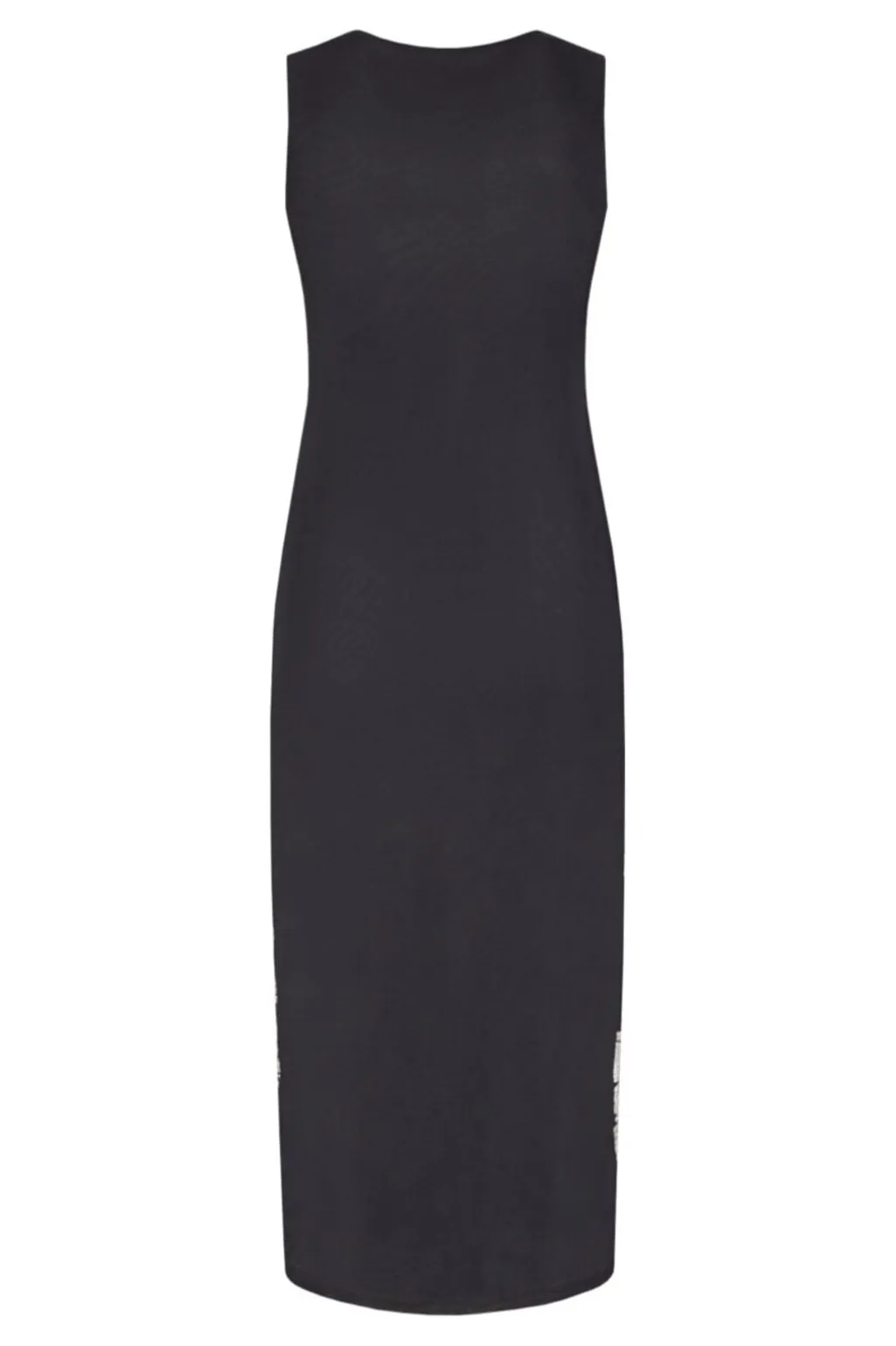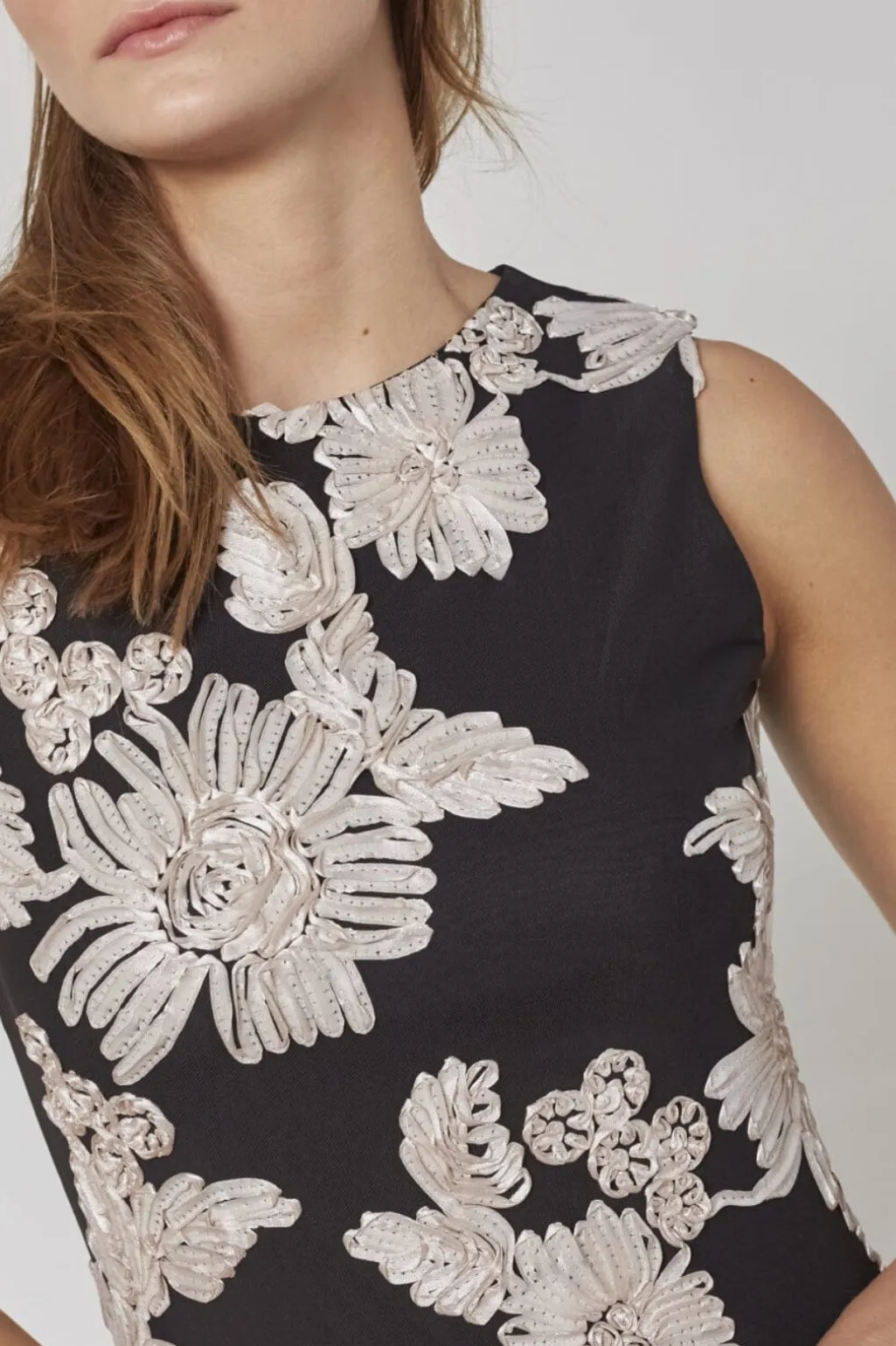 Sort kjole fra Sisters Point med broderede blomstermotiver i champagnefarve. Kjolen er ærmeløs og har en figursyet silhuet, der går til anklerne.
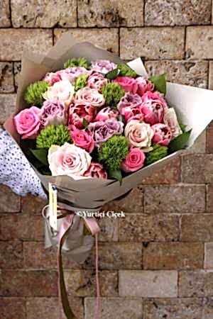 Description: Our bouquet, prepared with 15 piece colorful roses and 10 piece pink tulips, will increase your happiness as you share it.
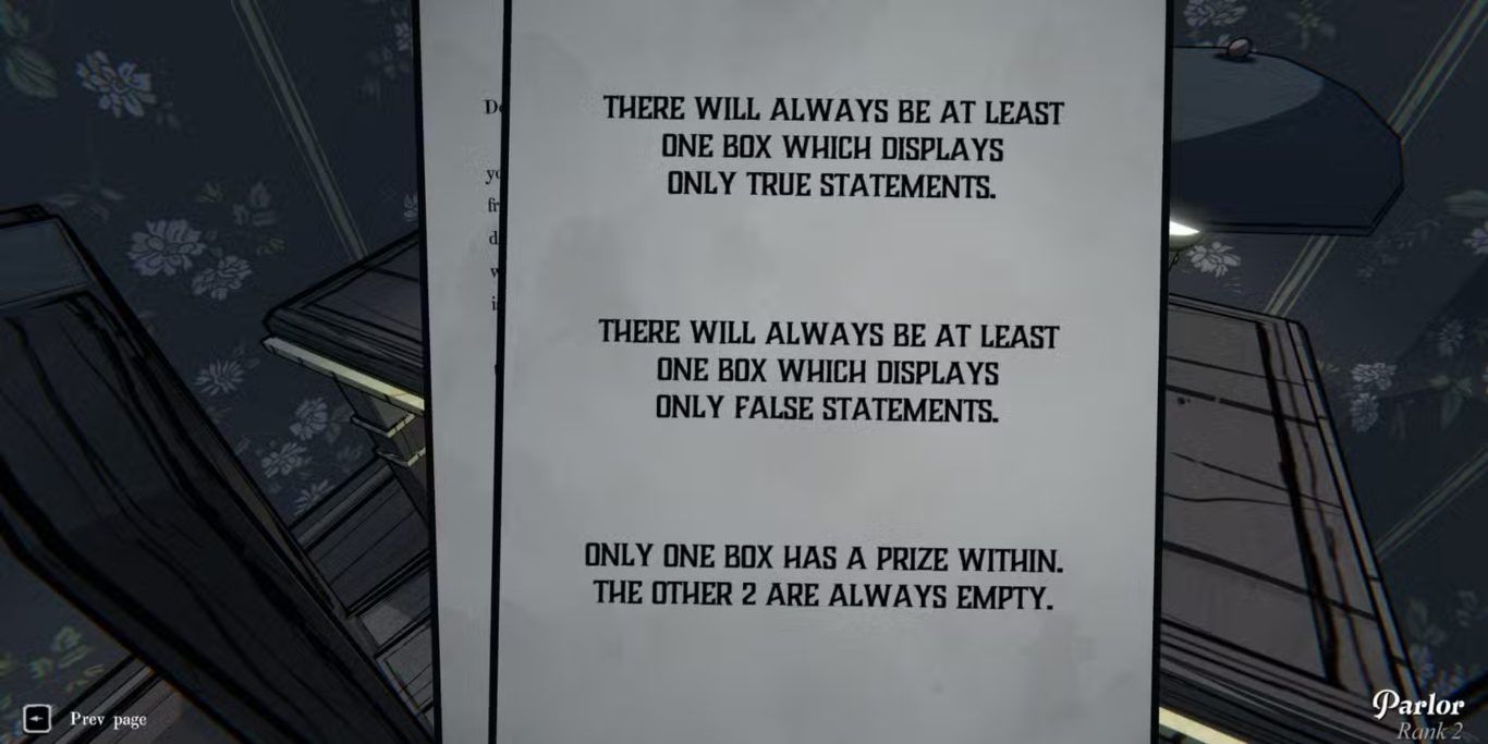 يعتمد لغز Parlor Game على وجود ثلاث صناديق مختلفة يحتوي كل صندوق منها على عبارة مكتوبة تمثل معلومة قد تكون صحيحة أو خاطئة.
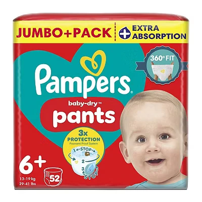 Boots48 Advantage card points. Pampers Baby-Dry Nappy Pants Size 6+, 52 Nappies, 14kg-19kg, Jumbo+ Pack FREE Delivery on orders over 45 GBP.
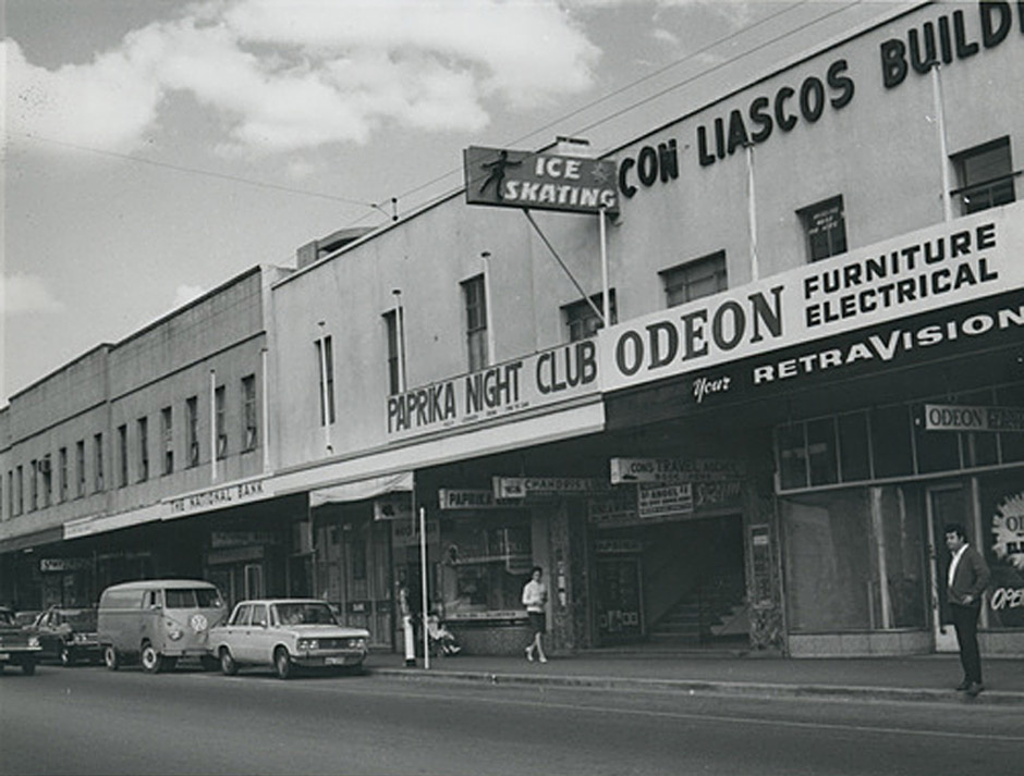 The sign above the gated stairs of the Con Liascos Building said "Ice Skating," but emblazoned across the verandah was the decidedly more spicy "Paprika Night Club". It was a fair dinkum club in the underground jazz scene of the 1950s and 60s. It had good live bands, a compere-cum-singer, and a very well endowed female performer named Patricia Kennedy (Wordsworth), who everyone called 'Big Pretzel'. Ice skating enthusiasts queued against its mezzanine walls on the broad stairs up to their first-floor destination, the smallest ice skating space in the country.

————————

== TRY IT ==
Exactly as they appear, transcribe the lines from the top of the material above through the line with "يعتمد لغز Parlor". Omit any picture.

== OUTPUT FOR THIS EXERCISE ==
 Sort kjole fra Sisters Point med broderede blomstermotiver i champagnefarve. Kjolen er ærmeløs og har en figursyet silhuet, der går til anklerne.
 Description: Our bouquet, prepared with 15 piece colorful roses and 10 piece pink tulips, will increase your happiness as you share it.
 يعتمد لغز Parlor Game على وجود ثلاث صناديق مختلفة يحتوي كل صندوق منها على عبارة مكتوبة تمثل معلومة قد تكون صحيحة أو خاطئة.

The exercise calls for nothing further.